Nevertheless, the model used in this study is not an accurate representation of a Substation Automation System since in a typical system more clients and servers are used and they do not reside in the same network. Also we only used one type of requests, Get(variable) requests.

There has been an average increase in latency of 75%. Therefore, a significant future work is required to further study and analyze the effect of applying TLS to consider several clients and servers residing in different networks as well as larger data exchange. Besides, it would be interesting to further study the effect of applying TLS to the communication between clients residing in end-user networks and servers in the smart grid, because one important service for this kind of communication is the smart metering service, which has been researched in different works [31–34].

MMS would support communication between smart meters and the meter data management systems in order to get instantaneous meter readings. A smart meter represents individual smart meter functionality, but it can also act as a data concentrator that aggregates information from several smart meters. MMS works according to the same point-to-point principle as DLMS/COSEM (Device Language Message Specification/Companion Specification for Energy Metering), integrated in IEC 62056 [32] as standard for metering applications. Both specifications work on peer-to-peer architectures. In [33], authors demonstrated that DLMS/COSEM and IEC 61850 outperform other languages and these have similar benefits. Although MMS TCP/IP profile was not defined to support any additional lower layer protocols, using IEC 61850 has the advantage that it can be used for other smart grid applications besides smart metering. Likewise, the interoperability solution can be applied to advanced metering infrastructure where a large number of smart meters from different vendors are used.
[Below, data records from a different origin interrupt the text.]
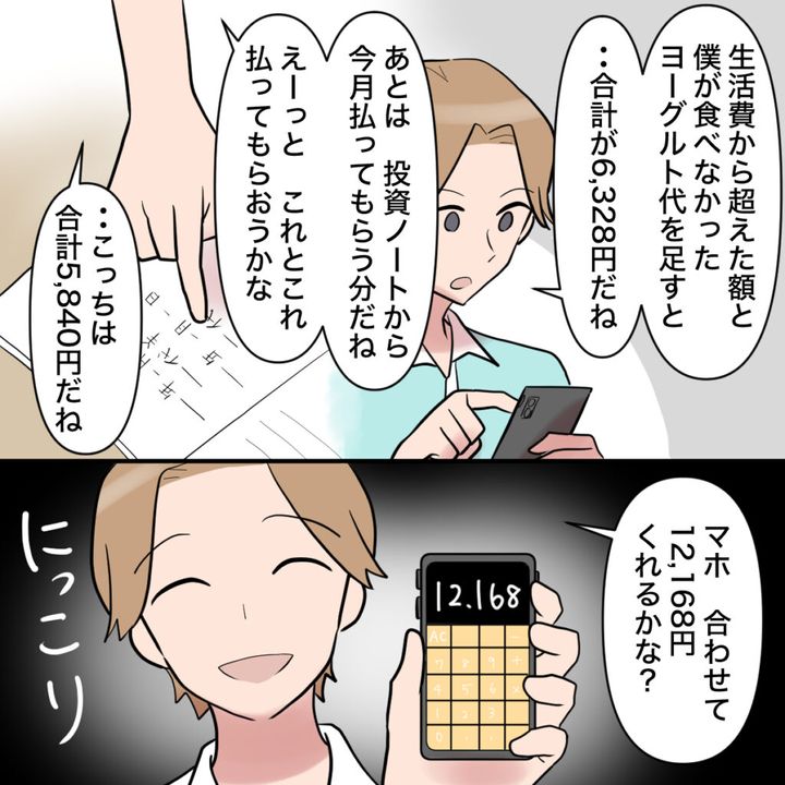 「生活費から超えた額と、僕が食べなかったヨーグルト代を足すと・・合計が6,328円だね。あとは、投資ノートから今月払ってもらう分だね。えーっと、これとこれ、払ってもらおうかな・・こっちは合計5,840円だね」電卓を叩きながらそう言うと、「マホ、合わせて12,168円くれるかな?」そう言ってニッコリ笑うのでした。
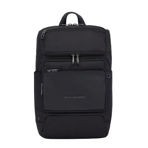 PIQUADRO Woody Medium ryggsäck i läder och tyg, Schwarz_schwarz, Taglia unica, Företag
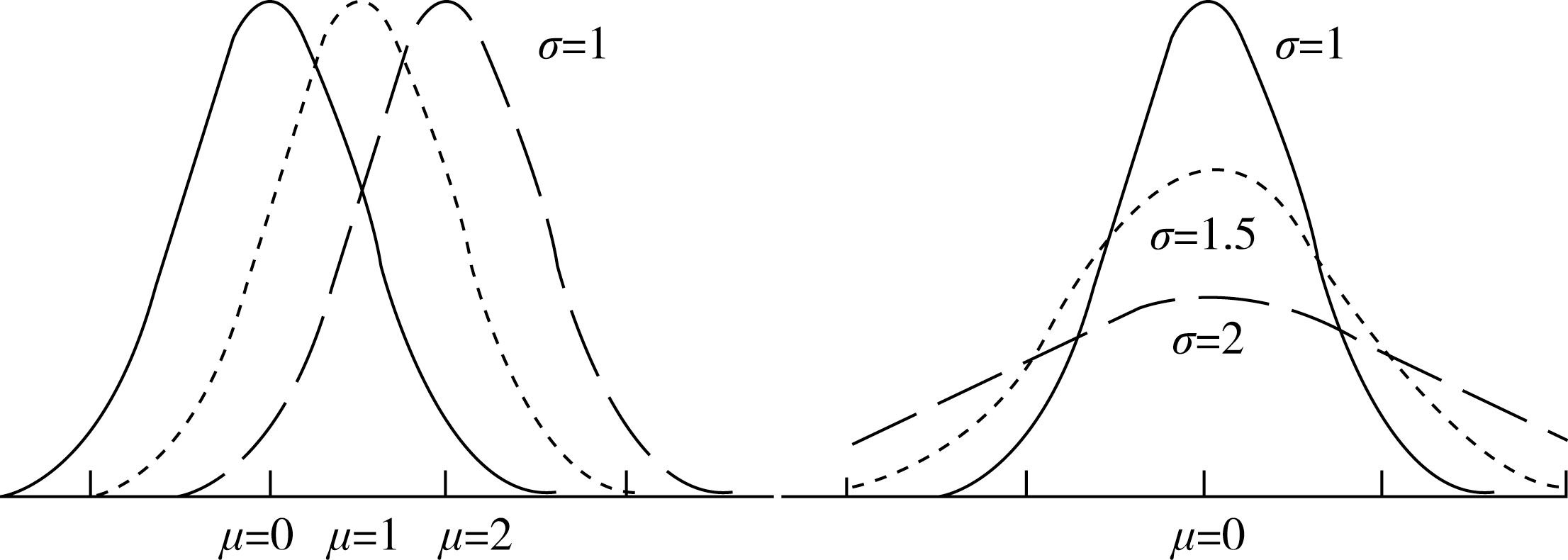 图4-1 不同的 μ 和 σ 的正态分布曲线

DLMS/COSEM, in its turn, has limitations with respect to the bandwidth requirement in large scale considering that advanced distribution automation bandwidth requirement can potentially go into the several hundred kbps or even Mbps range, such as stated in [34]. This is because underlying technologies (e.g., G3 and PRIME) can only achieve data rate up to a maximum of 128 kbps.

For these scenarios, use of TLS cipher suites based on Elliptic Curve Cryptography (ECC) should be analyzed, because it could reduce overhead.

Furthermore, we used self-signed certificates in order to minimize the validation costs, but it is recommended to use more than one CA. Although 2048-bit-length RSA keys are secure enough, with AES, 256 is secure against any likely future technology and 512 is even much more secure. Therefore, these keys could be used in securing IEC 61850 messages. Also more secure SHA-2 cryptographic hash functions could be used instead of SHA-1 as they are stronger and better suited to security-sensitive applications such as digital signing.